Hey, Ryannon, if you had checked with the site first, we could have told you not to waste your money!  

I mean, gee whiz...a Motel 6 when he can have the HILTON?? Sounds like a classy pij with discriminating taste to me!  

However, I'm sure he might use the lovely wicker basket ONE of these days, if only to wait until you are asleep...

I really LIKE this pij! Surely he needs an _additional _name other than PoopMeister...something...well...royal? unique? proud? noble? grand?

Shi


----------



## ryannon (Jul 4, 2007)

mr squeaks said:


> I really LIKE this pij! Surely he needs an _additional _name other than PoopMeister...something...well...royal? unique? proud? noble? grand?
> 
> Shi



Poopinator?

His Majesty the Royal PoopMeister?

Il Gran Poopissimo?

How about The _MOAP?_


----------



## pdpbison (Mar 15, 2005)

Hi ryannon, 



The diet and health and longevity of ferals will vary widely.


Probably, you are thinking of inner-city Birds, confined to Asphalt and paved places with no conspicuous access to open fields or wild Greens, Mineral deposits, or learned tastes for elsewhere.


The ferals here will eat/peck 'Sheetrock' as a source of Minerals, which is Gypsum-Board to some...which is made of Calcium Sulphate (CaSO4.½ H2O ).

I need to research this more, as for what else is in it, if anything, and or how Calcium Sulphate compares to other sources of Calcium for it's amenibility to being utilized by the Body.

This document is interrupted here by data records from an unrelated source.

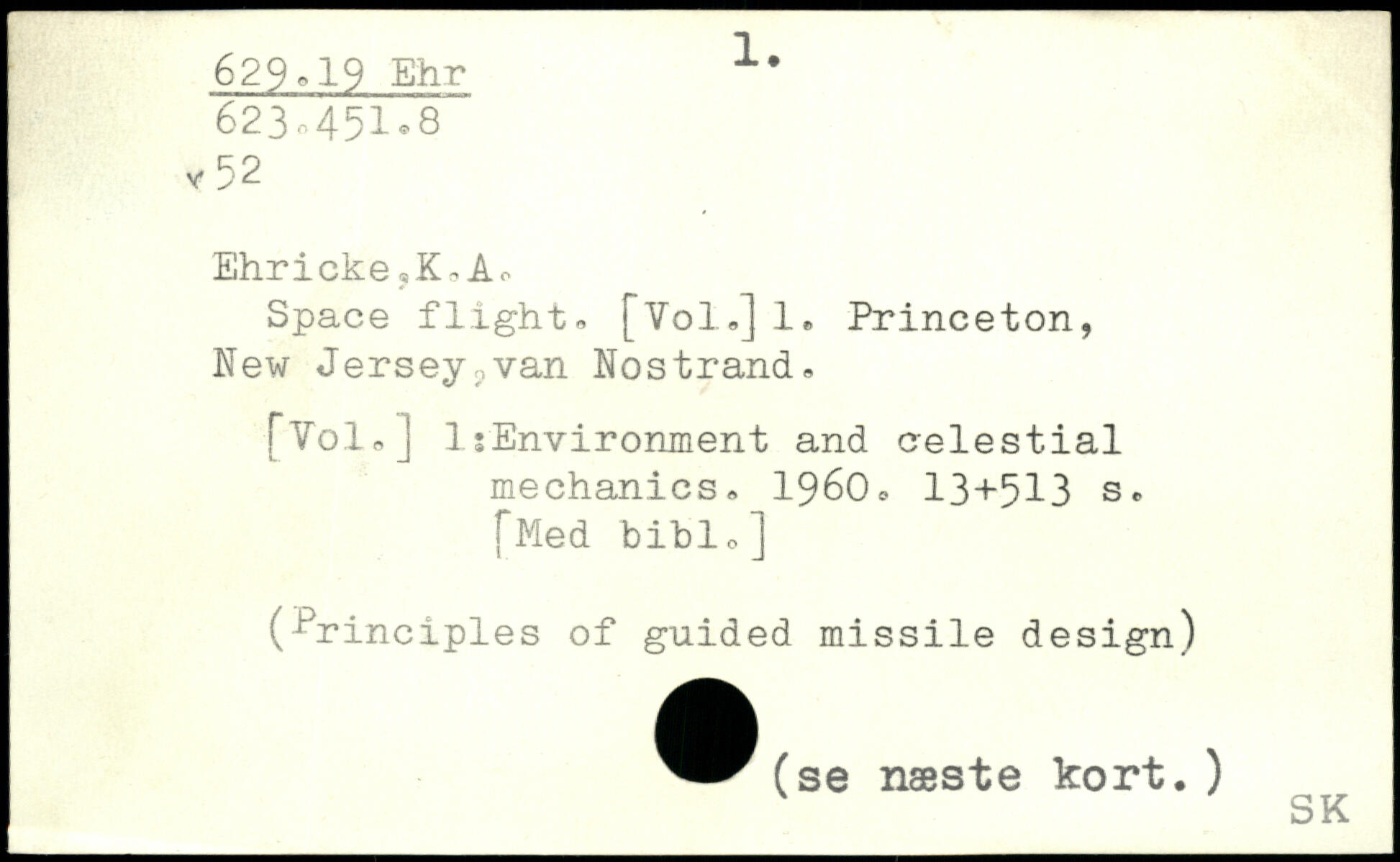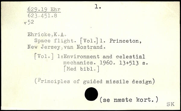 Space flight,. [Vol,] 1. Princeton, New Jersey.,van Nostrand, fVo.loj Is Environment and celestial mechanics, 1960
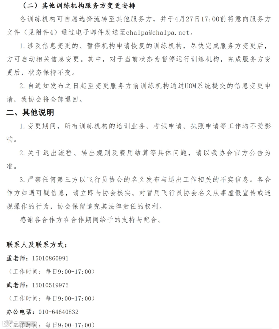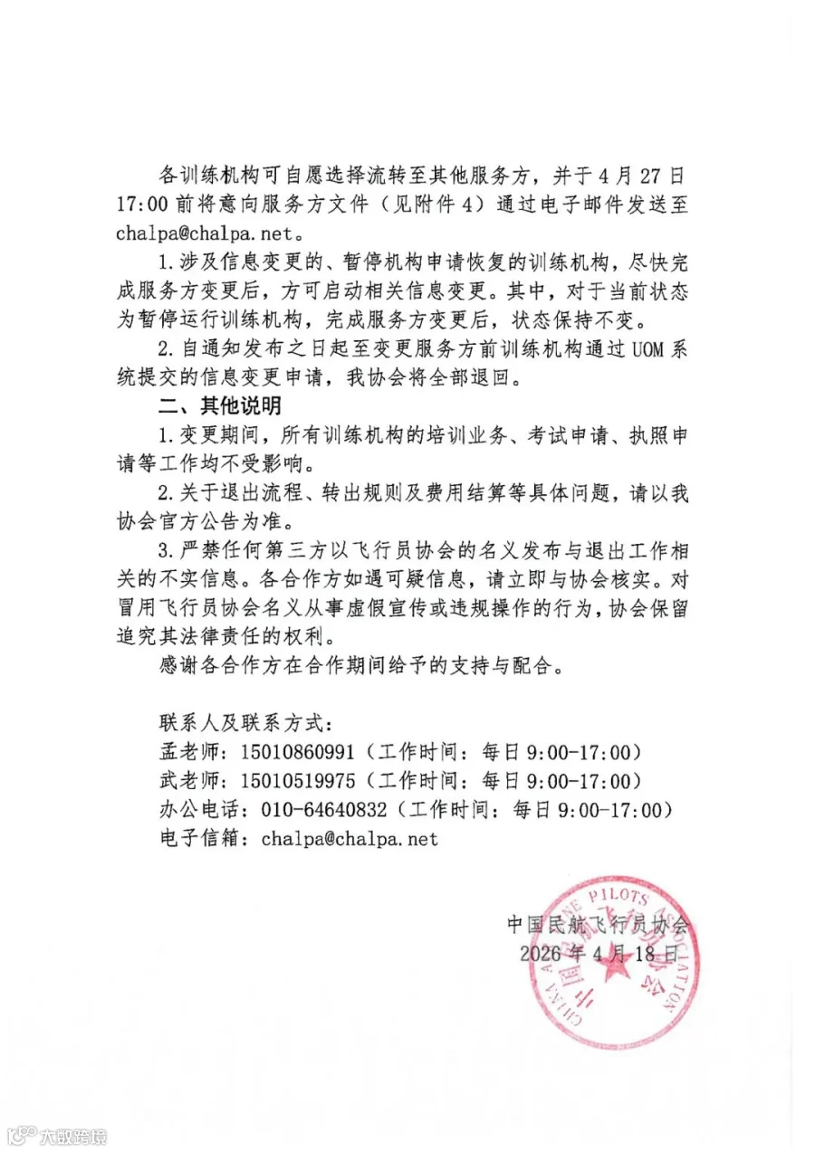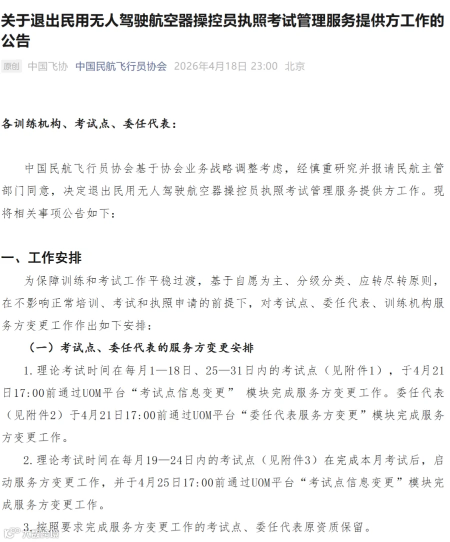 中国民航飞行员协会昨日发布公告,正式退出民用无人驾驶航空器操控员执照考试管理服务提供方工作。此前通过该协会申请资质的无人机训练机构可自愿选择流转至其他服务方,需于4月27日17:00前将意向服务方文件发送至电子邮箱 chalpa@chalpa.net。
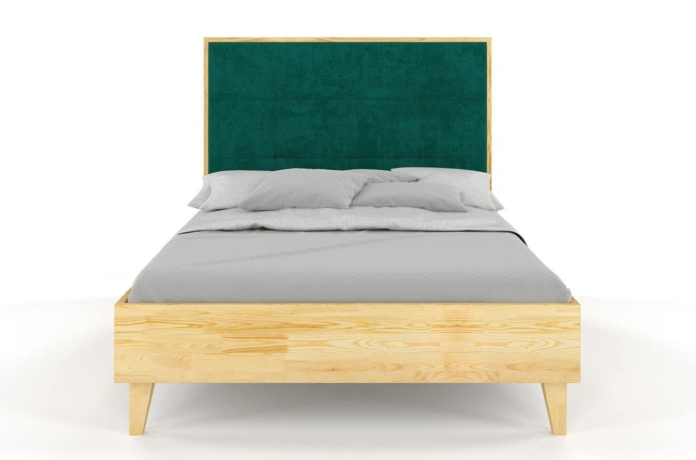 Drewniane, sosnowe łóżko do sypialni Visby FRIDA to ceniony i stylowy mebel, który odmieni każdą sypialnię, a ponadto zapewni wygodny i doskonały wypoczynek. Elementem wyróżniającym to łóżko jest wysoki, tapicerowany w prostokąty zagłówek zamknięty w drewnianej ramie, na którym swobodnie można oprzeć poduszkę i z wielką przyjemnością czytać książki lub oglądać telewizję.
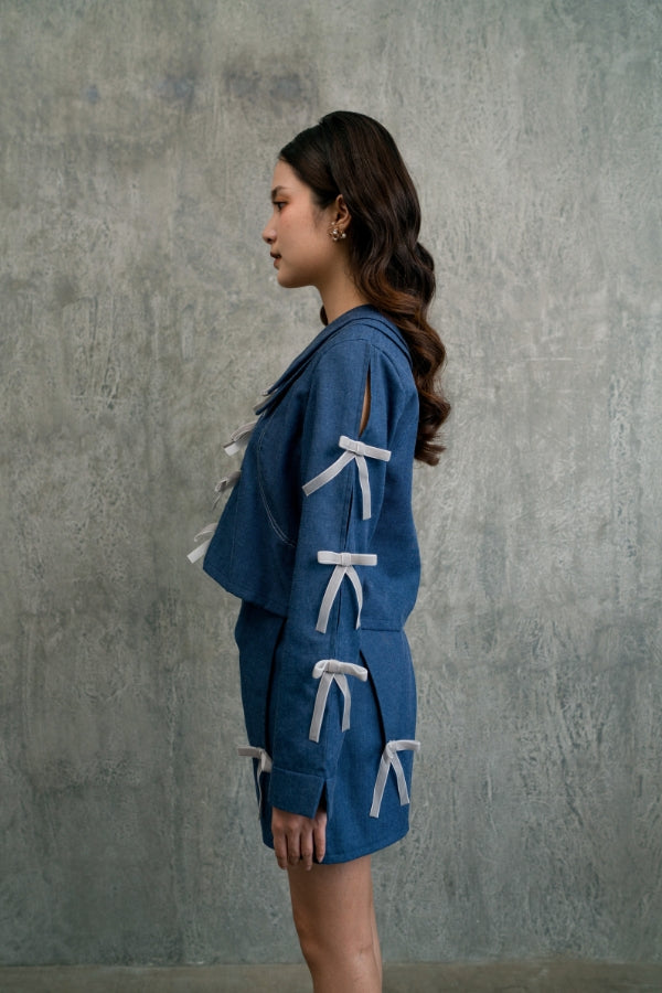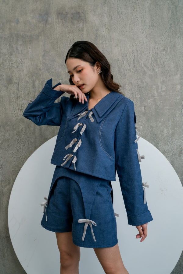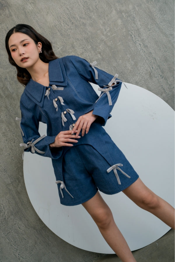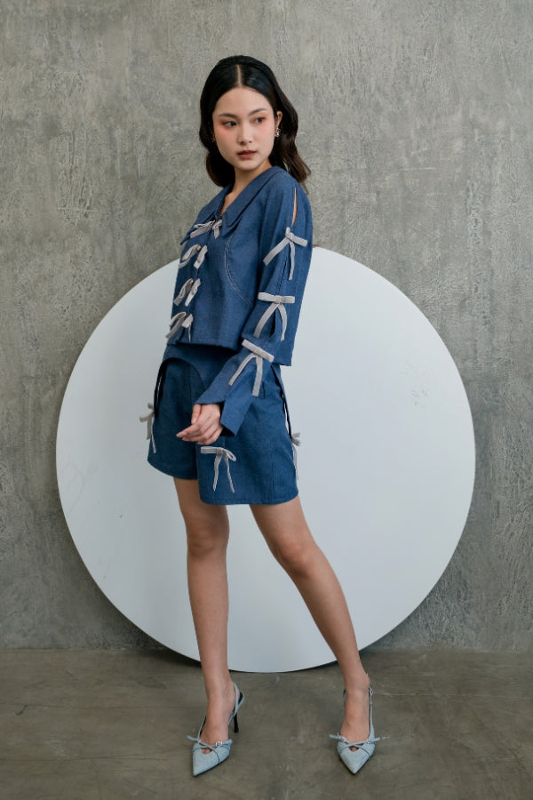 Shorts in Navy with unique waist details & adorned with velvet ribbons.
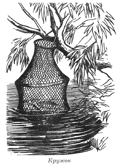 Кружком называют сетчатый мешок, натянутый на три обруча, из коих два одинаковой величины, а третий гораздо уже – вершка 3–5 в поперечнике; к глухому концу кружка, то есть к его дну, привязывают камень или свинцовый конус в ¼ фунта весом, чтобы было удобнее погружать его в воду. Сохранять в нем пойманную рыбу живой можно только при уженьи с лодки; при уженьи же с берега он далеко не так удобен, так как, меняя место, каждый раз приходится вынимать его из воды. Кроме того, в кружок нельзя сажать щук, которые в короткое время прогрызают сетку. Сетка кружка быстро гниет и вообще при вытаскивании не выдерживает большого количества рыбы. Кружок иногда заменяется простой длинной, более или менее частой сеткою в виде мешка.
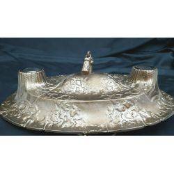 This oval fixture is made of cast iron and has a textured surface and center hanging tassel. Newly re-wired with two new sockets. No chips, cracks, or breaks. This fixture measures: 11" inches wide by 7 1/2" inches tall and has a 2 1/2" projection.
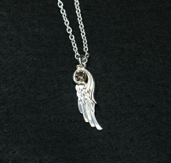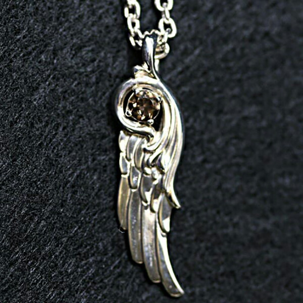 シンプルな翼のペンダント、5mmの石が付くモデルです。
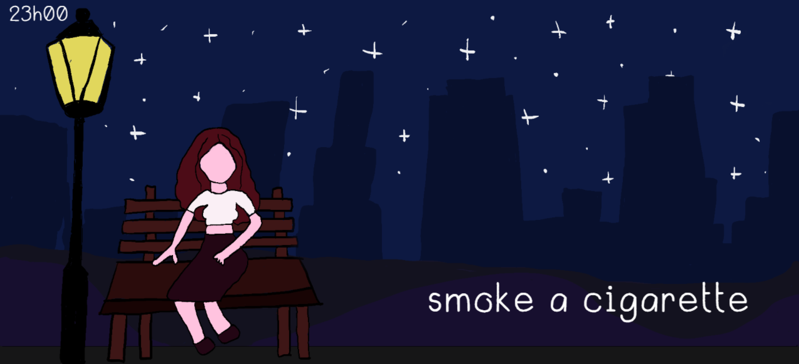 smoke cigarettes as you receive text messages and think about your life.
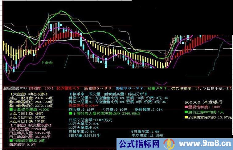 IF BARSTATUS=2 AND(饱和度) THEN BEGIN DRAWTEXTABS(550,60,'■量能饱和度:'+NUMTOSTRN(饱和度,0)+'%'),Color9368FF;END;
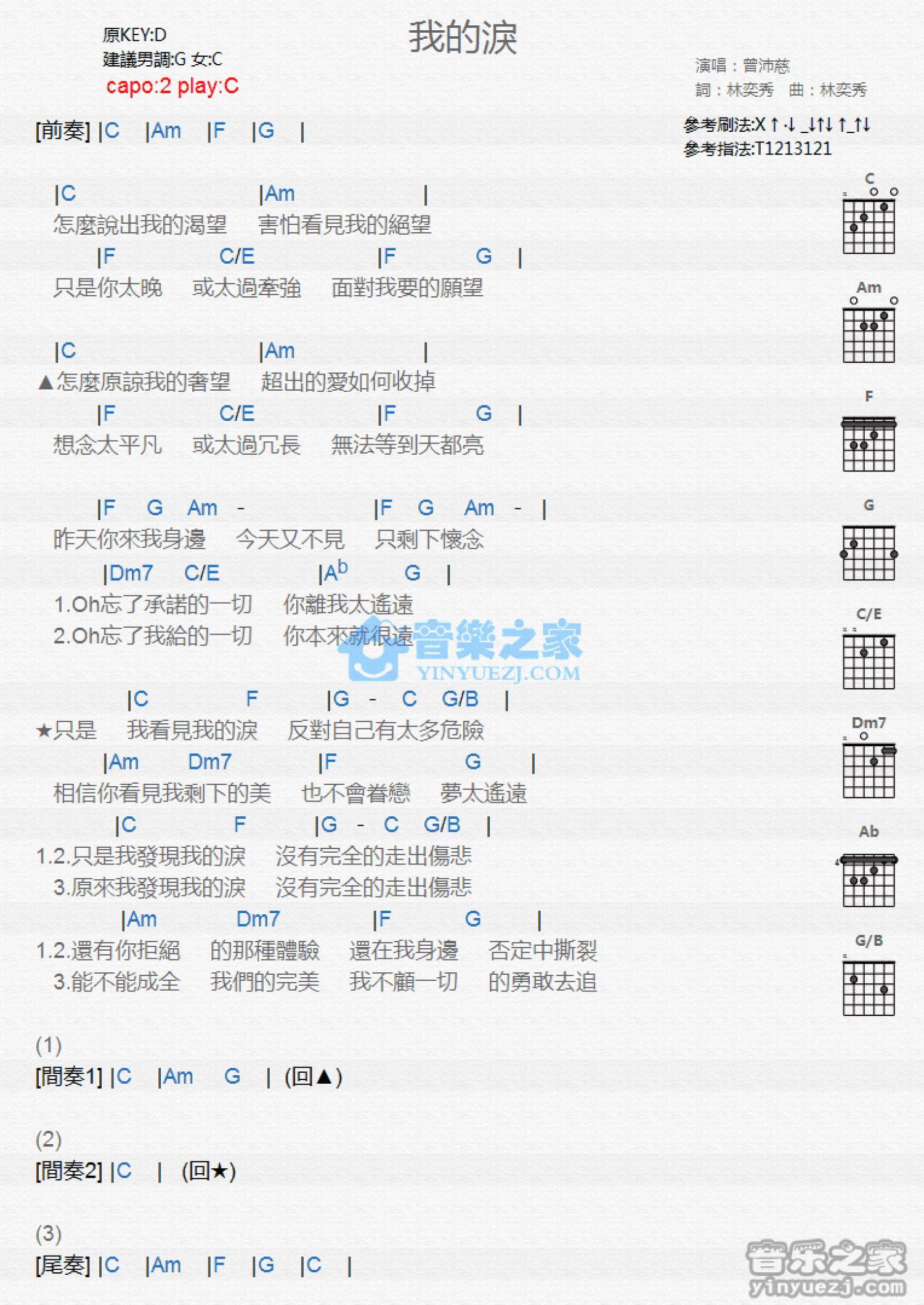 曲谱介绍: C调版 曾沛慈《我的泪》吉他和弦弹唱谱
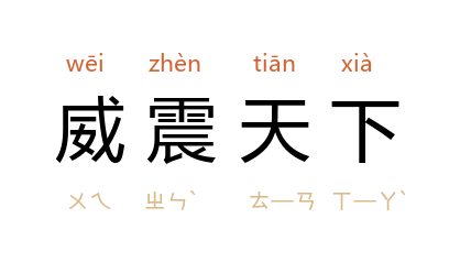 威:威势或威望。震:震动。威势或威望震动天下。亦作“威振天下”。
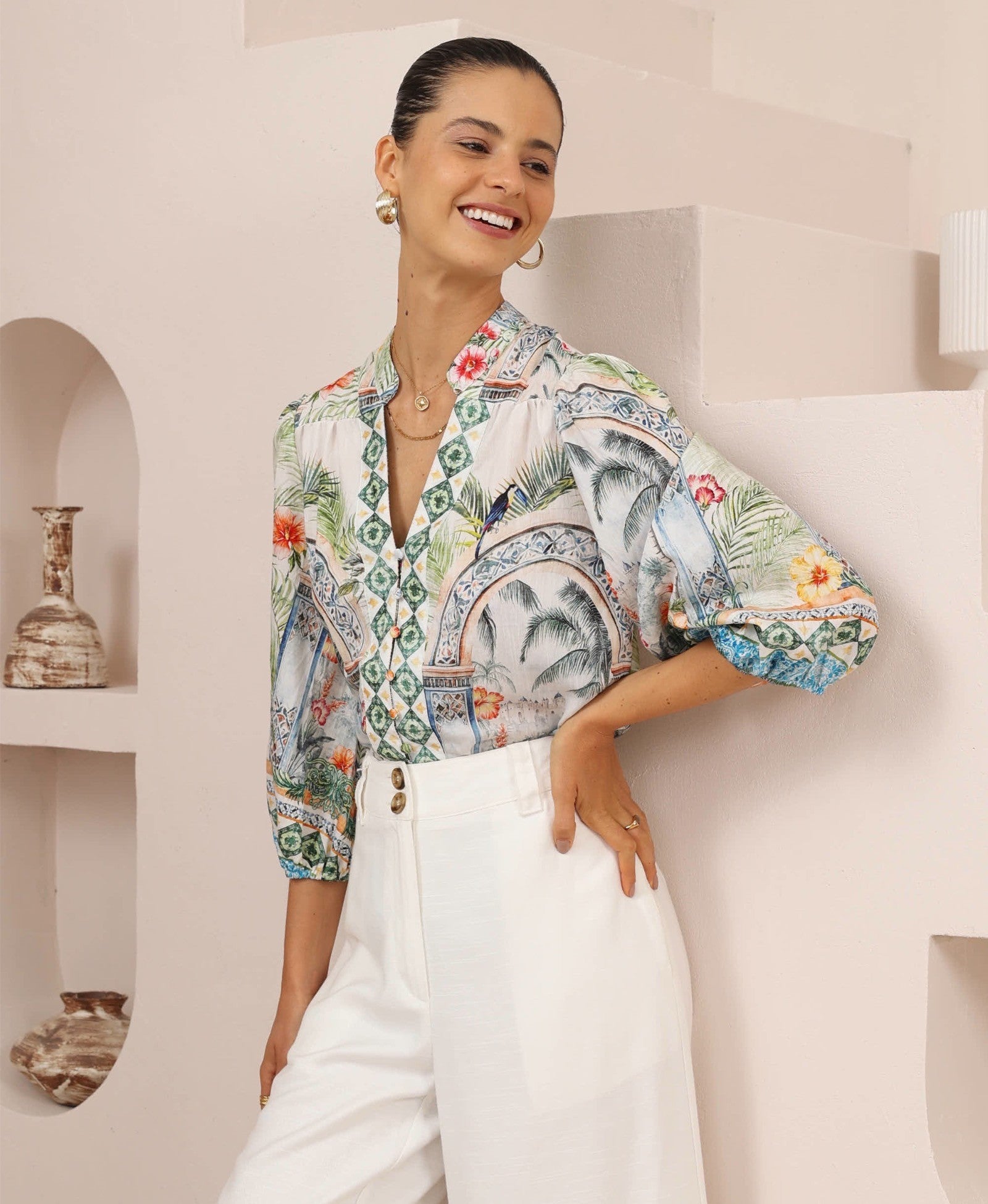 The Vivien Top in Tropicana Print features a v-neckline paired with a delicate mandarin collar for a graceful look. Its button-up front closure adds a classic touch, while elasticated sleeve cuffs offer comfort and subtle shaping. Perfect for breezy days or layered styles, this top blends ease with elegant details. True to size for a more fitted look in the body.

The 14 foot Ceilings in my Workshop, the Sheetrock had fallen in some small ways from when the Roof used to leak, leaving some openings in the Ceiling.


Various ferals, and four ex-ferals who live in my Shop and fly out every day as they please...they have eaten quite a bit from the available edges of the Sheetrock.


Maybe I could post an image, I will see if there is enough Light to make one.



The ferals here ( inner city, downtown Las Vegas ) brouse various low Weeds which grow in the alleys or vacant lots, eating the small fruiting Bodys and Leaves from them, leaving merely the stems sometimes.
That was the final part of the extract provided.